Goal of the exercise: Nothing but the lines below from the one that contains "Amber Chino Cargo" through the one that contains "Melengkapi sesi pertama" should be retyped, exactly and including both ends. Do not include pictures.

Records supplied:
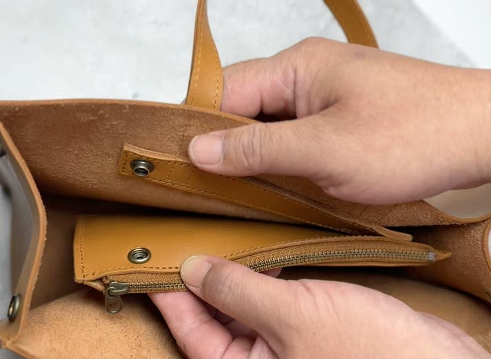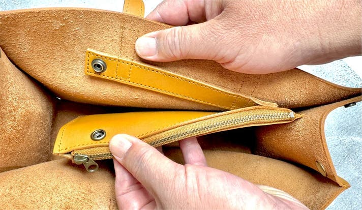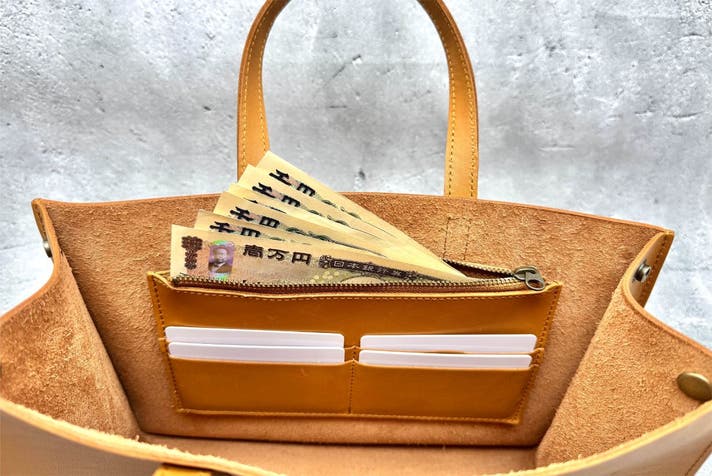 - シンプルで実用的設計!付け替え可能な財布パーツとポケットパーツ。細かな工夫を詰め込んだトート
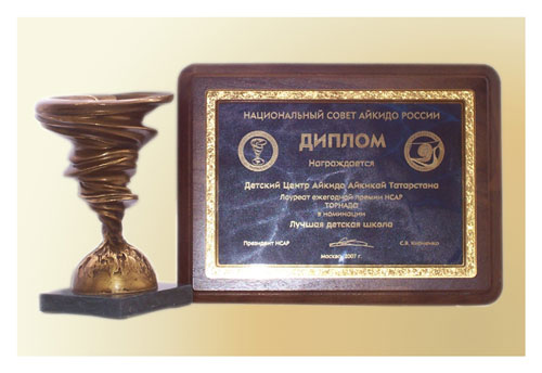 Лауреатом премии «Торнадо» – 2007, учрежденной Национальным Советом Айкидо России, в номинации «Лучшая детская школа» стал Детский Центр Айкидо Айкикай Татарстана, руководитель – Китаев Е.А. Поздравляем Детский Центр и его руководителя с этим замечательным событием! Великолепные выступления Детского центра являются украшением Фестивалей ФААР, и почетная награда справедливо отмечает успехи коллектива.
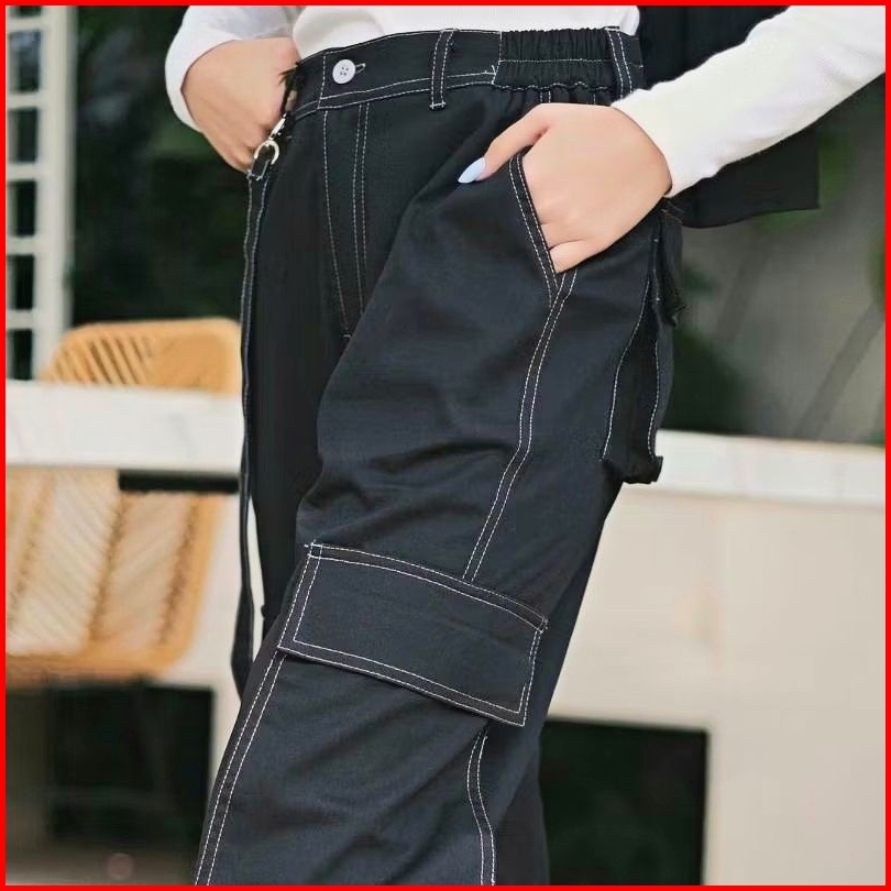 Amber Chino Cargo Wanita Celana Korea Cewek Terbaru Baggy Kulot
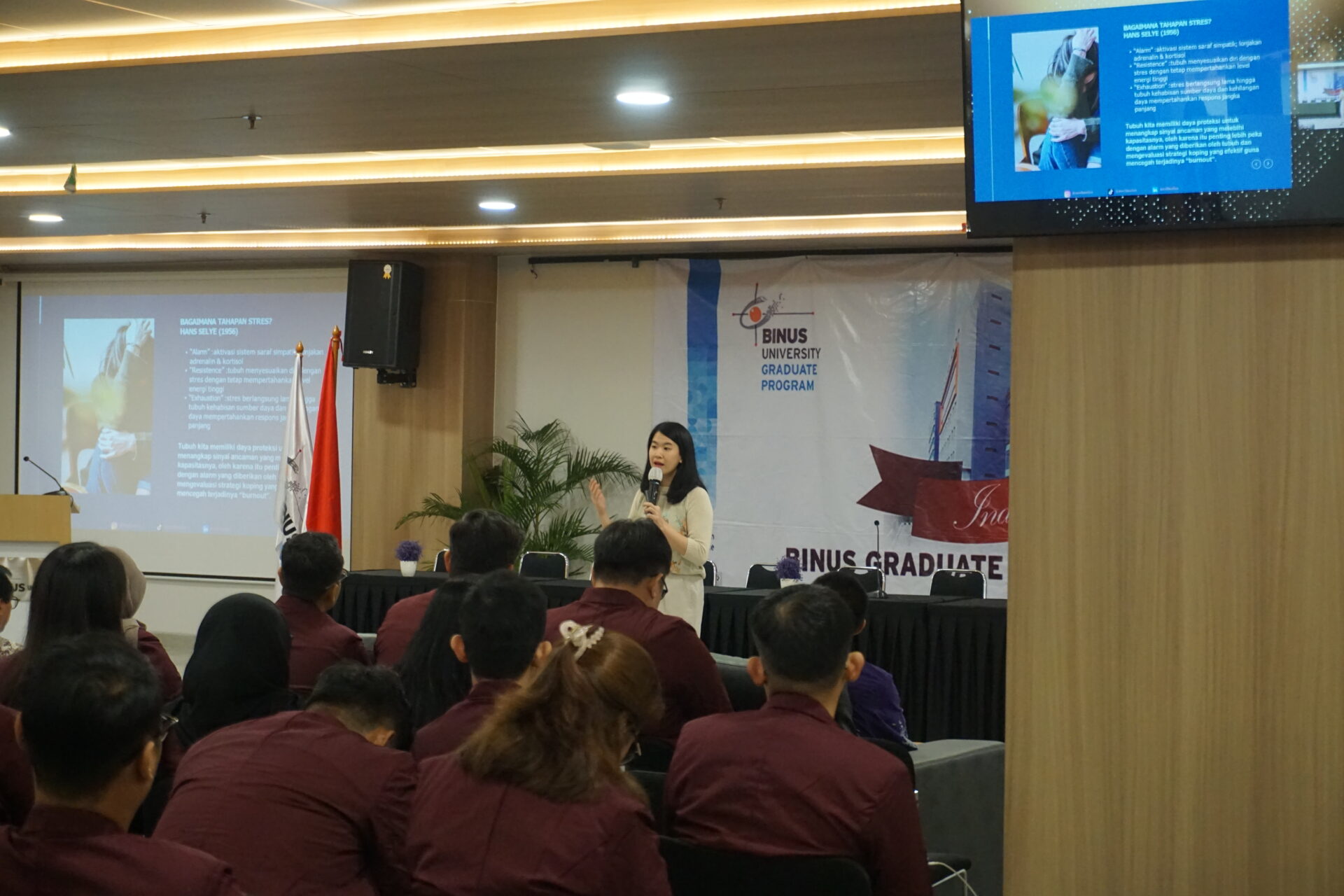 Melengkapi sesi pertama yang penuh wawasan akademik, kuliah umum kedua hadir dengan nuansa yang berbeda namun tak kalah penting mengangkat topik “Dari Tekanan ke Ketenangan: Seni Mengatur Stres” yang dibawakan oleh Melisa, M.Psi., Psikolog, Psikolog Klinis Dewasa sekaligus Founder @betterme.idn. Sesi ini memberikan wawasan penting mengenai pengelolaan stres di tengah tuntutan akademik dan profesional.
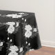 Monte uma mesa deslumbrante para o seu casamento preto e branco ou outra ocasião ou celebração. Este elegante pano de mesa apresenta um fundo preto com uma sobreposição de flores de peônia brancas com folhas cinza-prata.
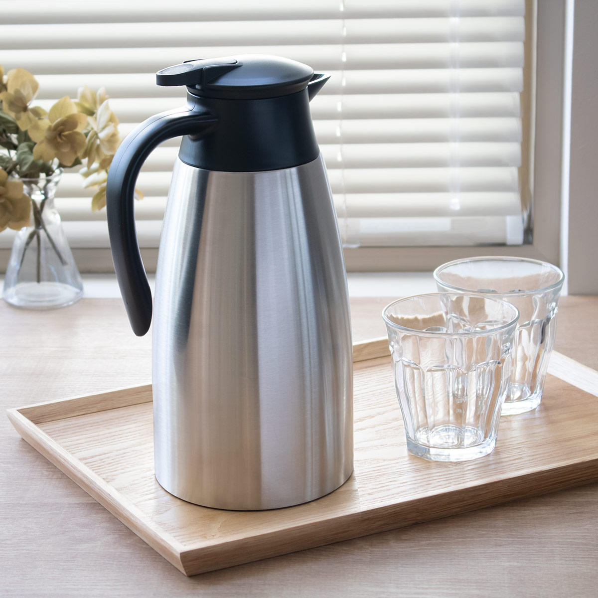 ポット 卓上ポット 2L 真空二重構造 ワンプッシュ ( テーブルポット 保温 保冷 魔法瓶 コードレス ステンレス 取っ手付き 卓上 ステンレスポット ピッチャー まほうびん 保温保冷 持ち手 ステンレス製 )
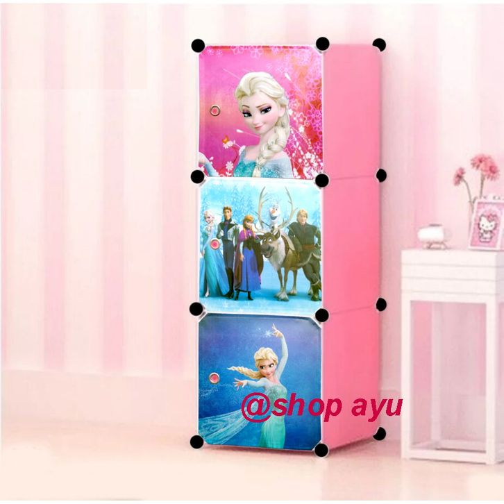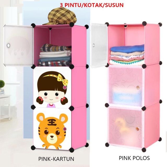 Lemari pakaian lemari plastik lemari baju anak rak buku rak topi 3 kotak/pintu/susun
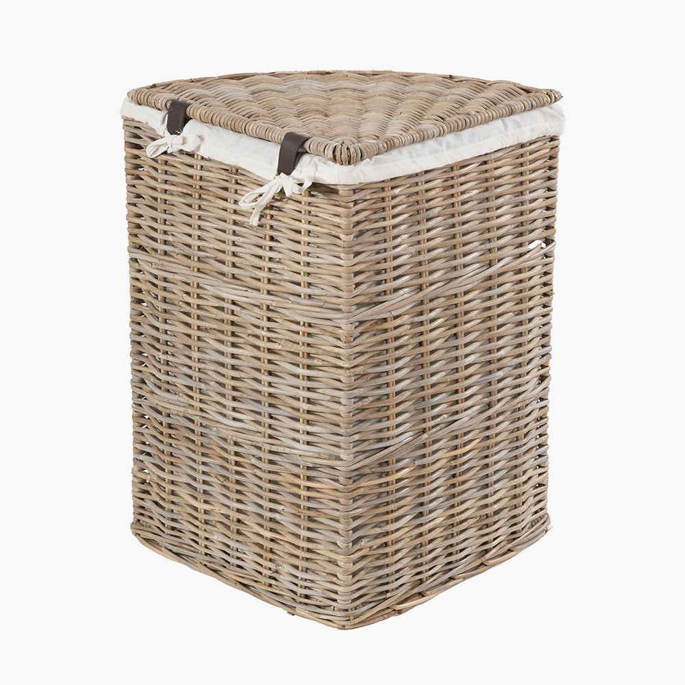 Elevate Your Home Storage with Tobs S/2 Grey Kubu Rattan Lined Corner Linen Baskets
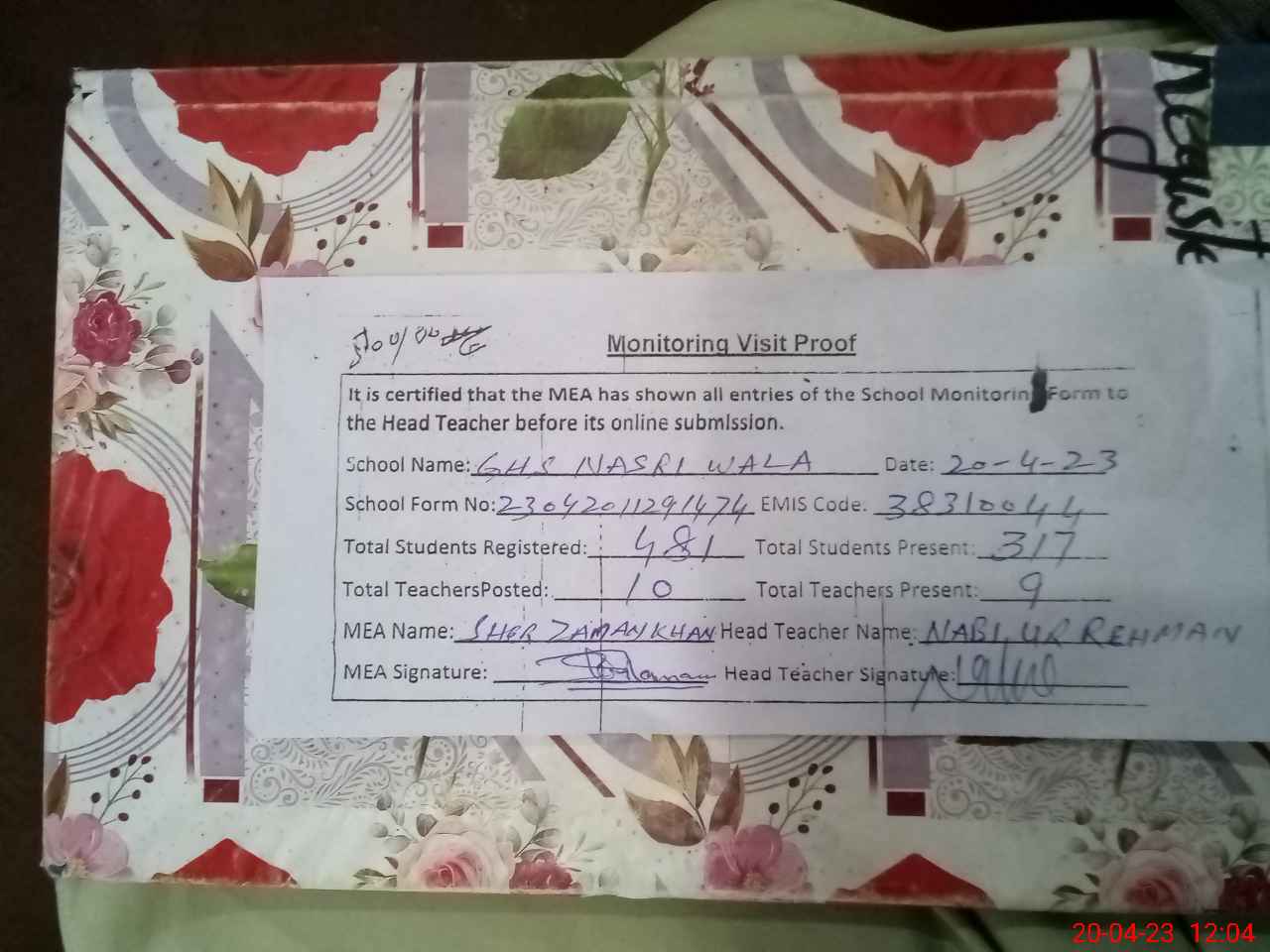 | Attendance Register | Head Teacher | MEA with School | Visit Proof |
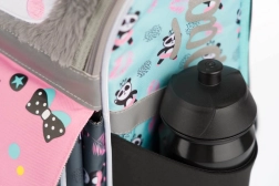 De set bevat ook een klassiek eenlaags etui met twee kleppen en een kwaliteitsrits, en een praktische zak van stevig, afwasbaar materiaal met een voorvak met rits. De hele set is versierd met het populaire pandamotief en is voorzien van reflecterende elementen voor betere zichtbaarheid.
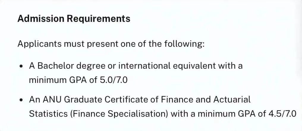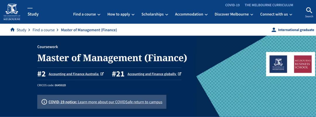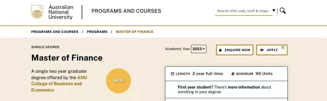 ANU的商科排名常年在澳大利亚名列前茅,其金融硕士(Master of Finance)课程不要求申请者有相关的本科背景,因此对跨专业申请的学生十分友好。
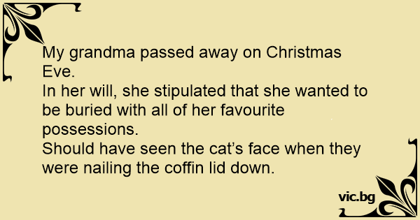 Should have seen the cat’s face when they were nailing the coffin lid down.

Response to this exercise:
 Amber Chino Cargo Wanita Celana Korea Cewek Terbaru Baggy Kulot
 Melengkapi sesi pertama yang penuh wawasan akademik, kuliah umum kedua hadir dengan nuansa yang berbeda namun tak kalah penting mengangkat topik “Dari Tekanan ke Ketenangan: Seni Mengatur Stres” yang dibawakan oleh Melisa, M.Psi., Psikolog, Psikolog Klinis Dewasa sekaligus Founder @betterme.idn. Sesi ini memberikan wawasan penting mengenai pengelolaan stres di tengah tuntutan akademik dan profesional.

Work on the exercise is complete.